◆ **EXTRACTED MATERIAL**

++++++++

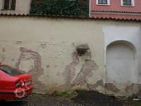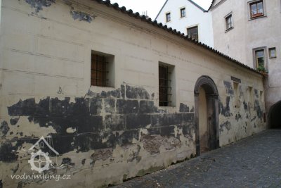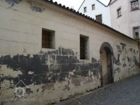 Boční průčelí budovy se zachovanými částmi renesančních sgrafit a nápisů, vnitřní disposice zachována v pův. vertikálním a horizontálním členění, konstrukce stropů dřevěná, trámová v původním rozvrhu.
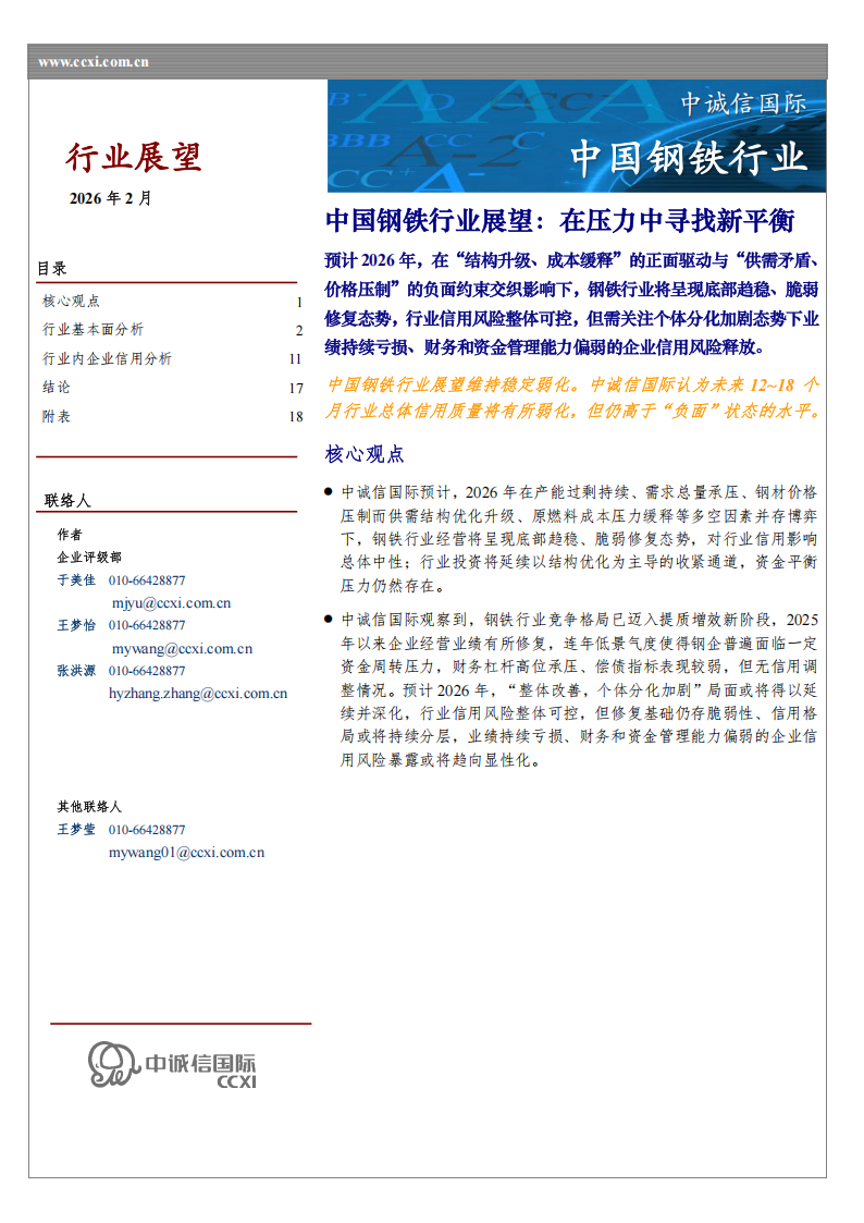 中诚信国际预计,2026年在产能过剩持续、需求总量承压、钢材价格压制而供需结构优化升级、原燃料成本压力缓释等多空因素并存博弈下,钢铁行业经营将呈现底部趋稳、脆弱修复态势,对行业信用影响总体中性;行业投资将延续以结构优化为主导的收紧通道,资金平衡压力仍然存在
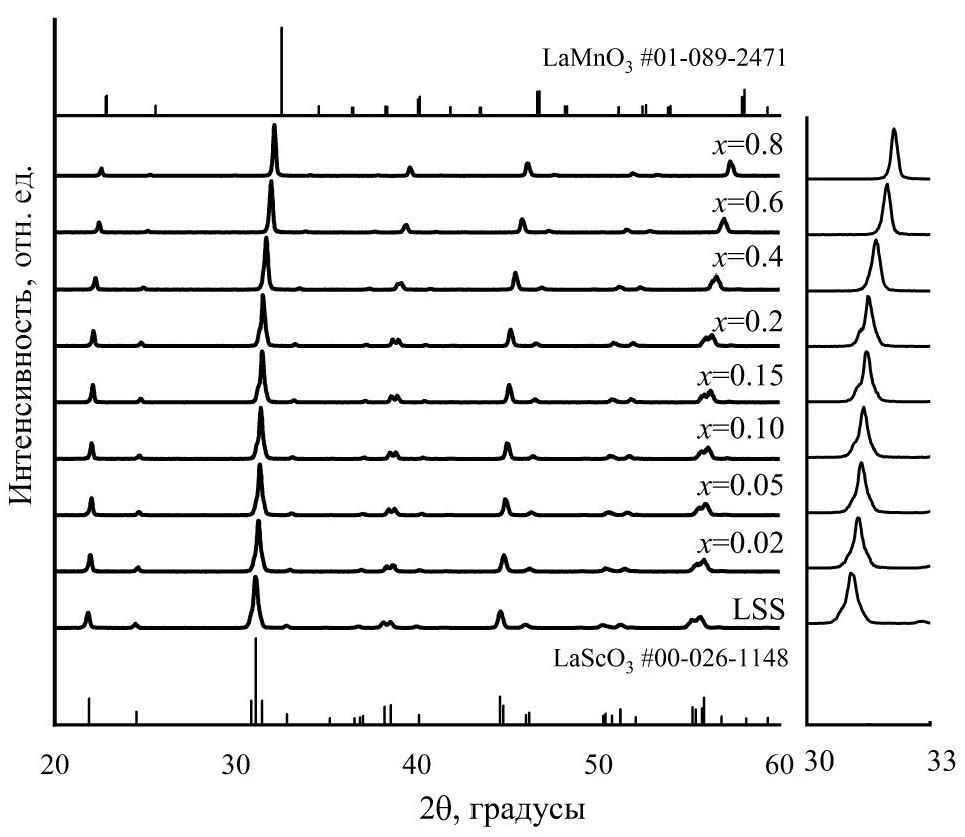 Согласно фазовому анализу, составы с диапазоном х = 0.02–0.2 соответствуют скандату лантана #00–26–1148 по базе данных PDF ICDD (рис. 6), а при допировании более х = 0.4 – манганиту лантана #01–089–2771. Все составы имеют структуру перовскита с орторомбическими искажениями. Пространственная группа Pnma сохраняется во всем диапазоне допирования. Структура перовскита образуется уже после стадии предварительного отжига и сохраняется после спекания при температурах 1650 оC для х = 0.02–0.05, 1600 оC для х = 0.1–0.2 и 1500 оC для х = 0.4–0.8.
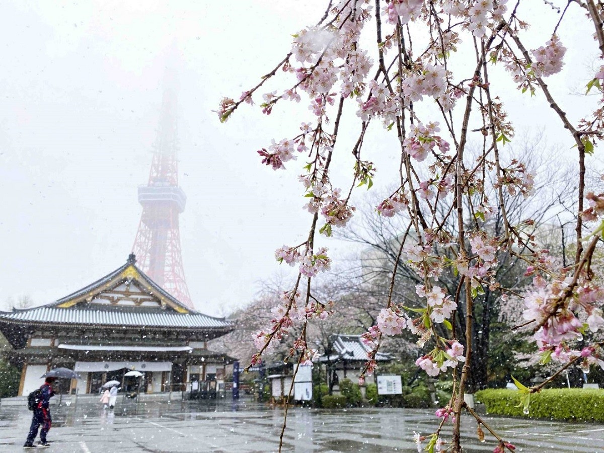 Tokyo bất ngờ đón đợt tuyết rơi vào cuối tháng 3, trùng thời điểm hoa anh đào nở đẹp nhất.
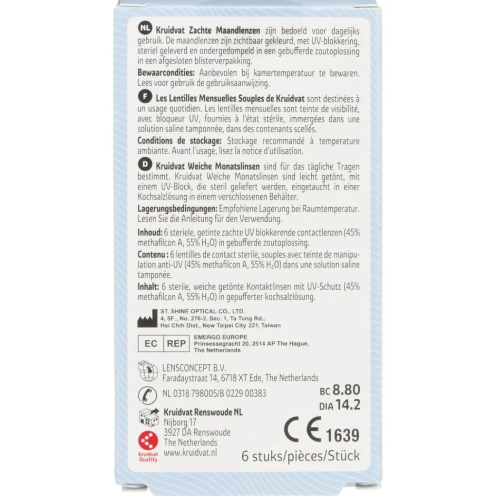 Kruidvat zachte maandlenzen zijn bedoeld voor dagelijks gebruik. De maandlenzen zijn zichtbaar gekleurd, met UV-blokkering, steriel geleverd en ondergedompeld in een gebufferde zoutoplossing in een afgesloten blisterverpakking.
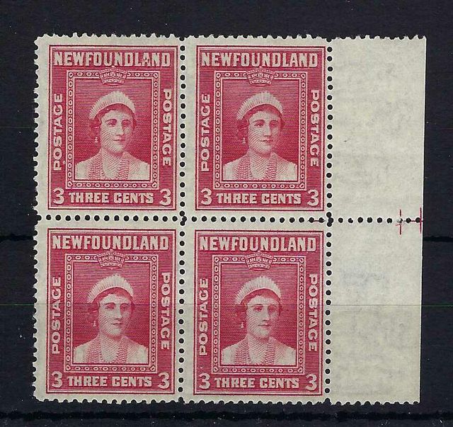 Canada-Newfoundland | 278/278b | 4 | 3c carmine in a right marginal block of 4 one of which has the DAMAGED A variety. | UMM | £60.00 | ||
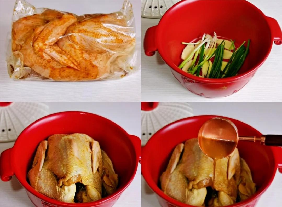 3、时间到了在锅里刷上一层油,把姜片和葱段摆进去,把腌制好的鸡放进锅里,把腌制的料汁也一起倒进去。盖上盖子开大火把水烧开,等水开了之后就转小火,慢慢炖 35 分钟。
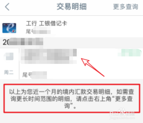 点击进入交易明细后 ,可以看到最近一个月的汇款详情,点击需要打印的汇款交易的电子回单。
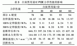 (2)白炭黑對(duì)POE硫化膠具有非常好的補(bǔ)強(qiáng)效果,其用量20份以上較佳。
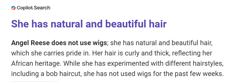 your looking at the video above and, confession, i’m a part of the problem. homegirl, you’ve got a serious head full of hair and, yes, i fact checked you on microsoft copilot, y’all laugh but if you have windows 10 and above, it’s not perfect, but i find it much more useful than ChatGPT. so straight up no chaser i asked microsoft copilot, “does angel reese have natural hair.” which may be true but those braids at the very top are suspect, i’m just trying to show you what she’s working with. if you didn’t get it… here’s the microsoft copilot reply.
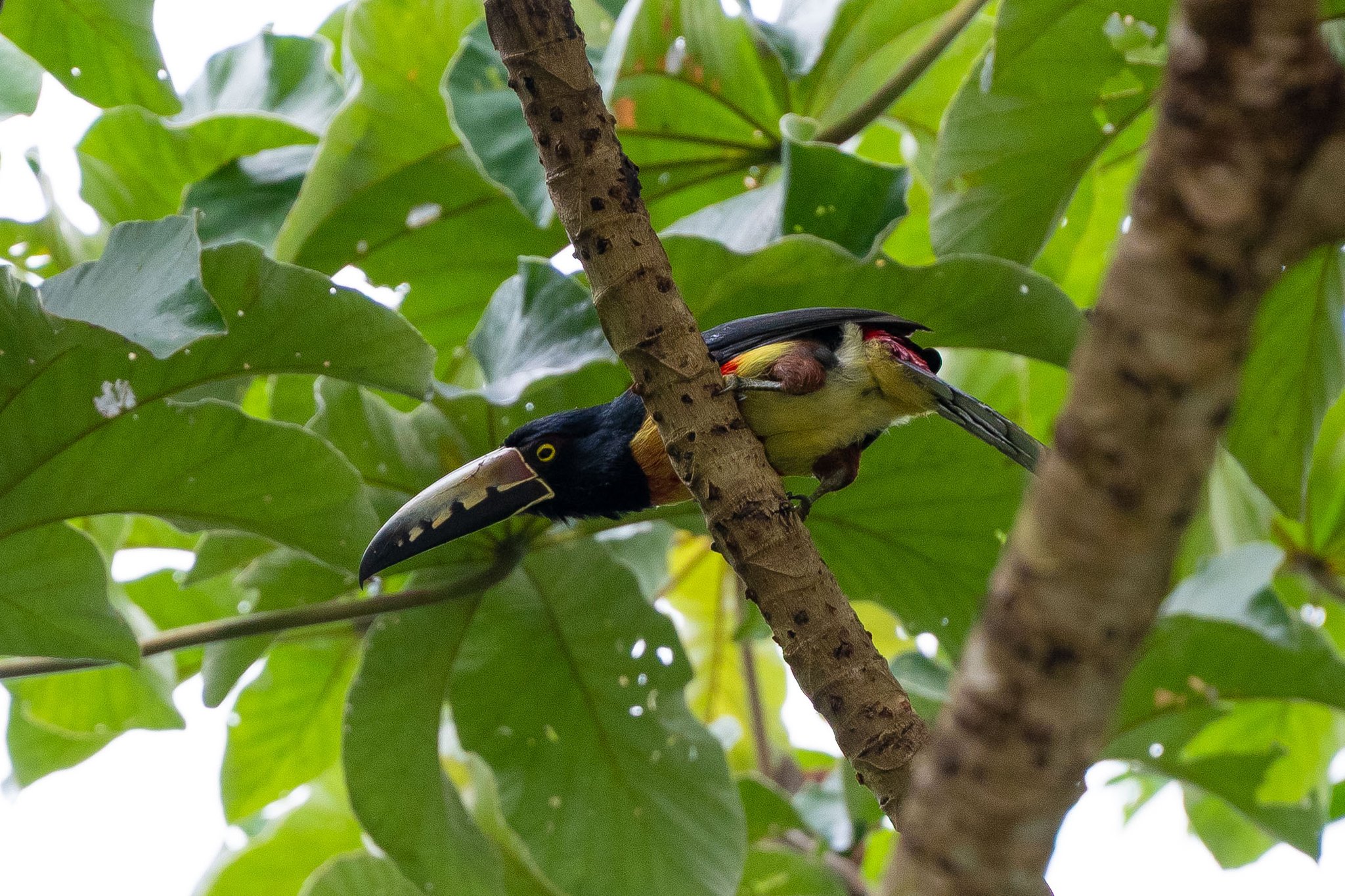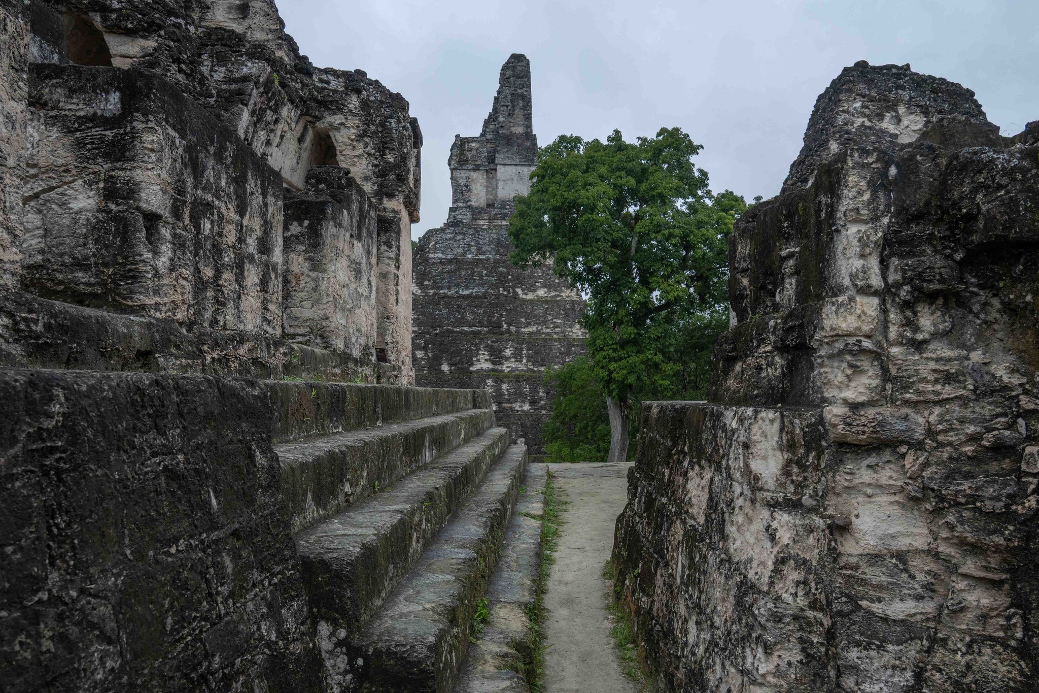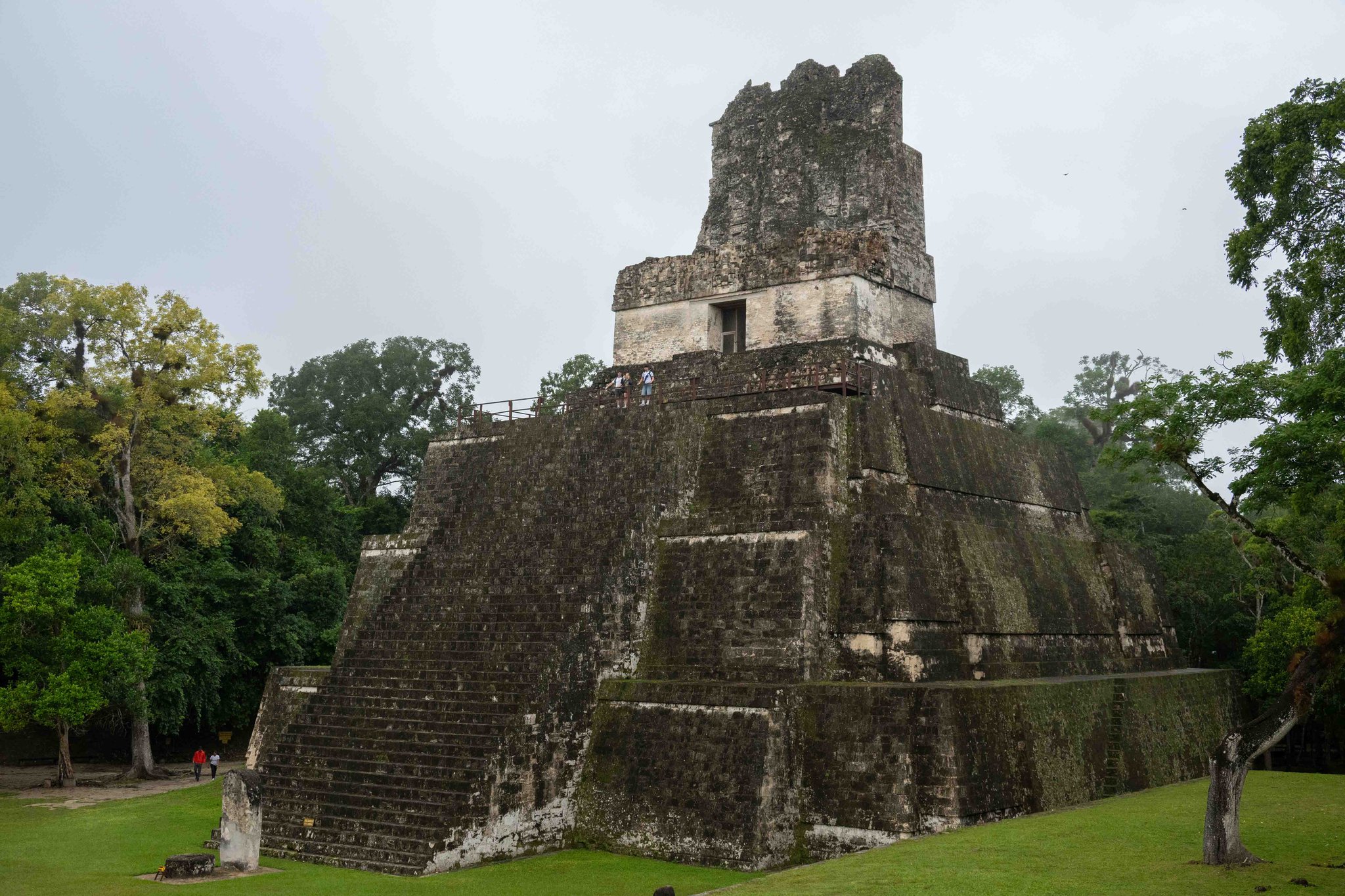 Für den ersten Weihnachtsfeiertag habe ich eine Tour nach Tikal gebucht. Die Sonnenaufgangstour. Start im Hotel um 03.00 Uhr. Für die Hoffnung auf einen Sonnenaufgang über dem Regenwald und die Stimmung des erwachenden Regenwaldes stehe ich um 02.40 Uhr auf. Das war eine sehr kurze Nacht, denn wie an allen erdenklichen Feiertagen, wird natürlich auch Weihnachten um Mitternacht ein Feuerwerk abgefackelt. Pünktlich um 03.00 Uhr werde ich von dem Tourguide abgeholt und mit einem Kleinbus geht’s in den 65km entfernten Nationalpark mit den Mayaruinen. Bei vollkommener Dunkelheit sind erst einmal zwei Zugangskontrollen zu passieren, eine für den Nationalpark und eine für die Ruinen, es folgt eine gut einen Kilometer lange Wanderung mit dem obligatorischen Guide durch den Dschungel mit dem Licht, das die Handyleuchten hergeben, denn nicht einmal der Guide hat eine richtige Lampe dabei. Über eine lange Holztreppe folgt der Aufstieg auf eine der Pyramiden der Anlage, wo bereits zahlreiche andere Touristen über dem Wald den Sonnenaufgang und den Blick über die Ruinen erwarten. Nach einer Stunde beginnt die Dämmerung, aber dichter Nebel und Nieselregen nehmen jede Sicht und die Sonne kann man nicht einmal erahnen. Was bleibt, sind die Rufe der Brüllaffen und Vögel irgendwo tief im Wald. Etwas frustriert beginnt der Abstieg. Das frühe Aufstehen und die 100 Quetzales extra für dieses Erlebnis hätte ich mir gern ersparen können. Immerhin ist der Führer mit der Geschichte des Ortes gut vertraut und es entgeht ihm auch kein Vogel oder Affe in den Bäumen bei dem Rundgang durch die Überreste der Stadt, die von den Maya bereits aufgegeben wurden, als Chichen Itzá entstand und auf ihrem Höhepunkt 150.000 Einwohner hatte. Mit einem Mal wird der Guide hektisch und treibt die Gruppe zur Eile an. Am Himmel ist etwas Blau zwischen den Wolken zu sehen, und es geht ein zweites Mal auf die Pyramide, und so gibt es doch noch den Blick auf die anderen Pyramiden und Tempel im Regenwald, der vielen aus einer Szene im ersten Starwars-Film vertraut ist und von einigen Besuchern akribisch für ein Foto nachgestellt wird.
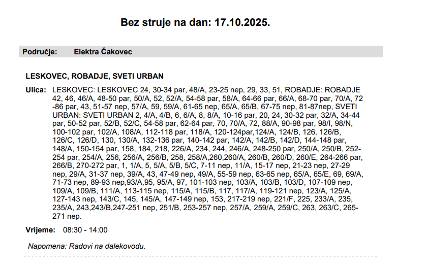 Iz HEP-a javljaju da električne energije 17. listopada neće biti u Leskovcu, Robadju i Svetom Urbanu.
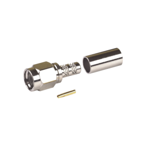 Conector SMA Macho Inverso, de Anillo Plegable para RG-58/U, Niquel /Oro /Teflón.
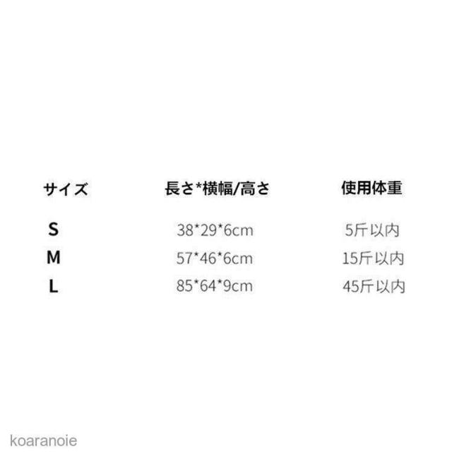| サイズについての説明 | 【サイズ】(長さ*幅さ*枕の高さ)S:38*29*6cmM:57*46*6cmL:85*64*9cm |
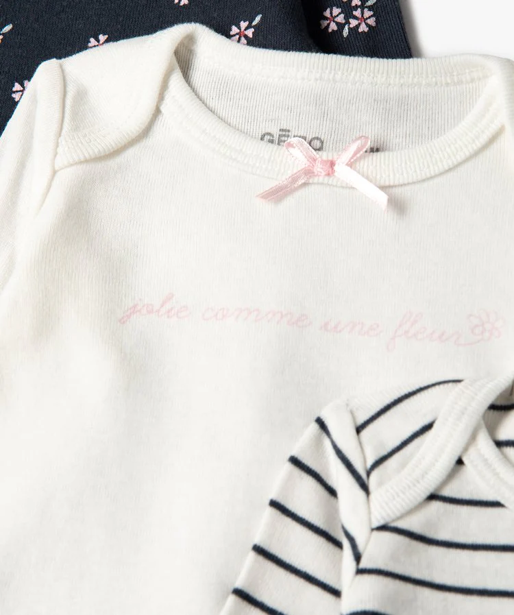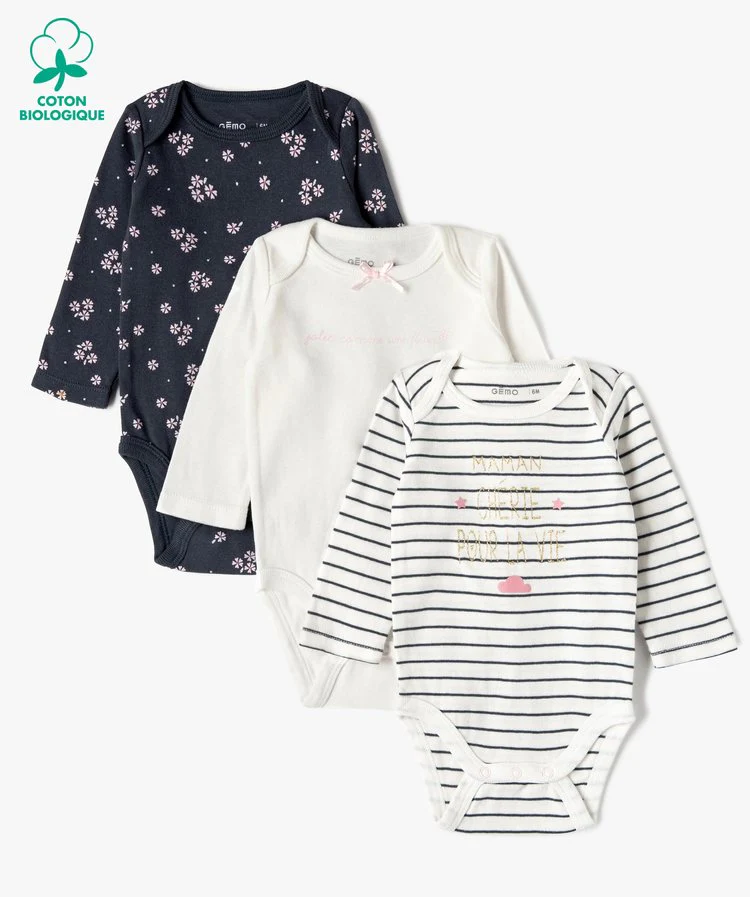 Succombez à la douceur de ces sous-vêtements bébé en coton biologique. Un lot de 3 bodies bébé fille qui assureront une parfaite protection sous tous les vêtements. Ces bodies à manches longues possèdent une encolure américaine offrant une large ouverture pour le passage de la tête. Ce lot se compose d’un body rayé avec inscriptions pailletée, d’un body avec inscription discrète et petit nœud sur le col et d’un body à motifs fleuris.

++++++++

◆ **WHAT YOU WILL DO**
Print exactly the lines from the one containing "Iz HEP-a javljaju" through the last line of the records, both included, and leave out the pictures.

◆ **WRITTEN ANSWER**
 Iz HEP-a javljaju da električne energije 17. listopada neće biti u Leskovcu, Robadju i Svetom Urbanu.
 Conector SMA Macho Inverso, de Anillo Plegable para RG-58/U, Niquel /Oro /Teflón.
| サイズについての説明 | 【サイズ】(長さ*幅さ*枕の高さ)S:38*29*6cmM:57*46*6cmL:85*64*9cm |
 Succombez à la douceur de ces sous-vêtements bébé en coton biologique. Un lot de 3 bodies bébé fille qui assureront une parfaite protection sous tous les vêtements. Ces bodies à manches longues possèdent une encolure américaine offrant une large ouverture pour le passage de la tête. Ce lot se compose d’un body rayé avec inscriptions pailletée, d’un body avec inscription discrète et petit nœud sur le col et d’un body à motifs fleuris.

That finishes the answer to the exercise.